The Calculation and Grouping of Financial Rational Indicators
Jonas Mackevičius
Vilniaus universiteto Ekonomikos fakulteto Apskaitos ir audito katedra
Published 2006-12-01

How to Cite

Mackevičius J. (2006) “The Calculation and Grouping of Financial Rational Indicators”, Ekonomika, 75, pp. 20–33. doi: 10.15388/Ekon.2006.17579.


Financial rational indicator is the relation of two or more absolute indicators. Rational indicator retrieved from comparing two or more absolute indicators. Financial rational indicator is much more informative than absolute one, it enables the person to evaluate the research object at a different angles.

Financial rational indicators are most important when compared with: 1) the firm’s last period indicators, 2) with forecasted parameter indicators, 3) with other companies in the same business field, 4) with the indicators of main market competitors, 5) with aggregated country economy indicators.

When analyzing financial rational indicators it is important to be sure that indicators reliability depends on the actual information, which has been used to calculate them. That is why before calculating and analyzing financial indicators you have to check all the financial reports carefully and thoroughly (profit (loss), balance sheet, own capital changes, cash flow and explanatory notes), also to make sure that forms of reports indicators are coordinated with one another.

Since at lot of financial rational indicators can be calculated from financial reporting, thus necessary to systematize them, and integrate them in to certain groups. Indicator integration into homogeneous groups can ease analyst’s and audit tasks, it is also beneficial for information users to select the more suitable indicators and opt for better operational and perspective indicators in decision making.

After performing financial rational indicator integration in foreign authors works the conclusions could be made:

1. Names of financial rational indicators groups differ. Most commonly used are liquidity and profitability indicators groups.

2. Sequence of financial rational indicators groups positioning differs. Some authors start analyzing financial indicators from liquidity, some from profitability, and other from risk, etc.

3. The number of financial rational indicators groups also differs. Some authors distinguish two groups, some five or six.

4. The number of financial rational indicators in the actual group also differs. For example some authors assign three, four, some twelve or even fourteen indicators to profitability indicator groups. The reasons for financial rational indicator groups, and indicator name differences could be explained:

1) In different countries financial reporting forms vary, some balance sheet, profit (loss), cash flow statements clauses are named differently;

2) Authors usually analyze the particular economics field financial reports, specific financial indicators reflect that particular field’s work characteristics.
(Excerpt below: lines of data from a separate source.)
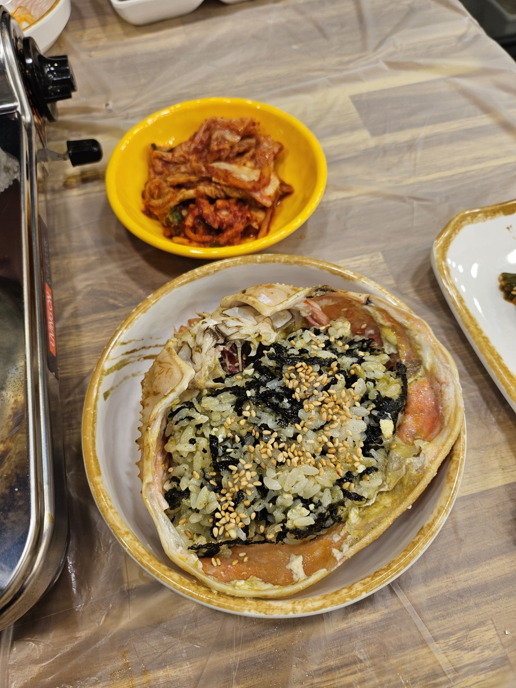 대게를 어느정도 다 먹어가면 게딱지 비빔밥도 해주세요.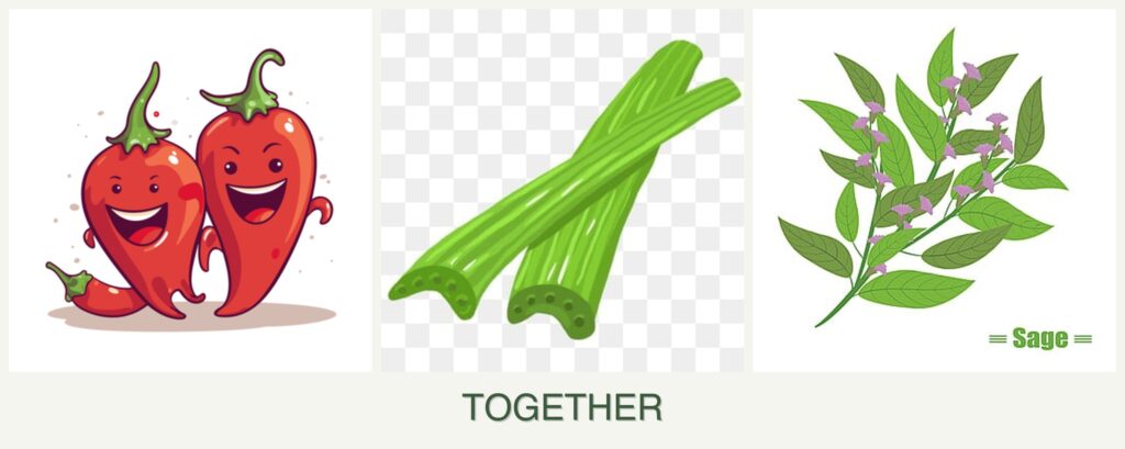 - Pest Control: Sage acts as a natural pest deterrent, repelling common pests that might otherwise target peppers and celery.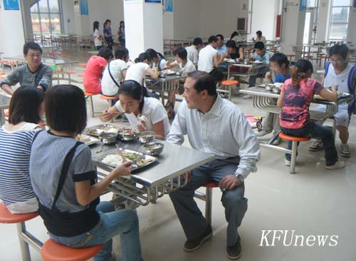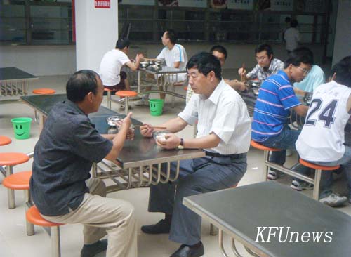 本站讯 365官网财经学院、人文学院两院学生正式入住新校区,新校区各项设施也开始正式运转。学校领导非常重视刚搬入新校区学生的饮食,8月30日一大早,党委书记莫华林到新校区学生食堂视察工作,并与师生一起共进早餐,了解学生生活情况。8月28日中午,校领导储建新在新校区学生食堂和同学们一起吃365官网乔迁新址第一顿午餐,8月29日,校领导储建新、范金梅到新校区学生食堂察看,并和师生一起吃晚餐,实地了解学生吃住情况。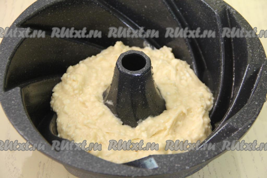 Всыпать половину просеянной муки и разрыхлитель, перемешать тесто для кекса.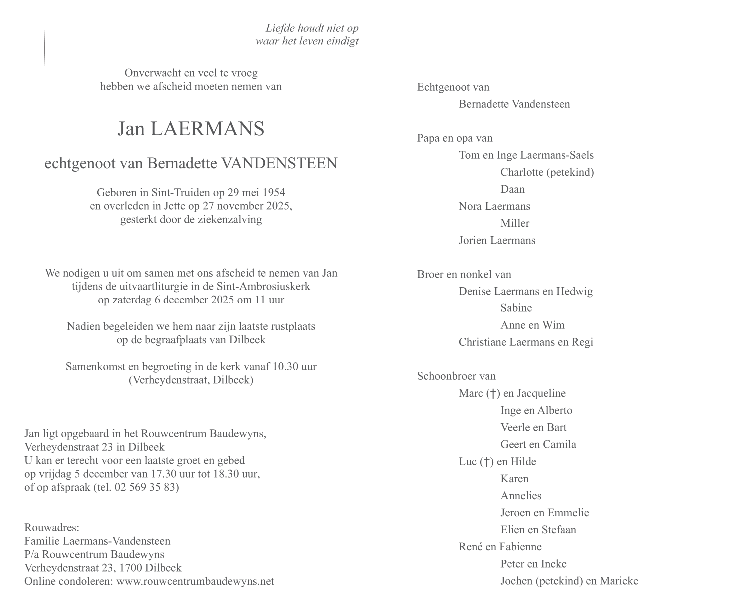 Décédé à Jette (1090) le jeudi 27 novembre 2025 à l'âge de 71 ans

3) In some English speaking countries some indicator names were historically developed, that was the cause of the main name differences.

4) Author’s professional competence and their representation of particular sciences: Accounting, Finance, Management, Statistics, Financial Analysis etc.

5) Financial rational indicators are intended for different groups and users: investors require information which would differ from the information required by the suppliers, banks and other users or institutions.

Foreign authors financial rational indicators classification into groups and their actual naming and calculation methods had an impact on Lithuanian authors and still has up to this day. Different number of financial rational indicators groups is distinguished and named differently by Lithuanian authors, this causes a great confusion to different information users, firstly students, lecturers, accountants, auditors, finance analysts.

In order to satisfy need for general information about customer business activities, it is recommended to separate financial rational indicators into three groups: indicators that evaluate enterprise’s financial position, measure performance results and cash flows.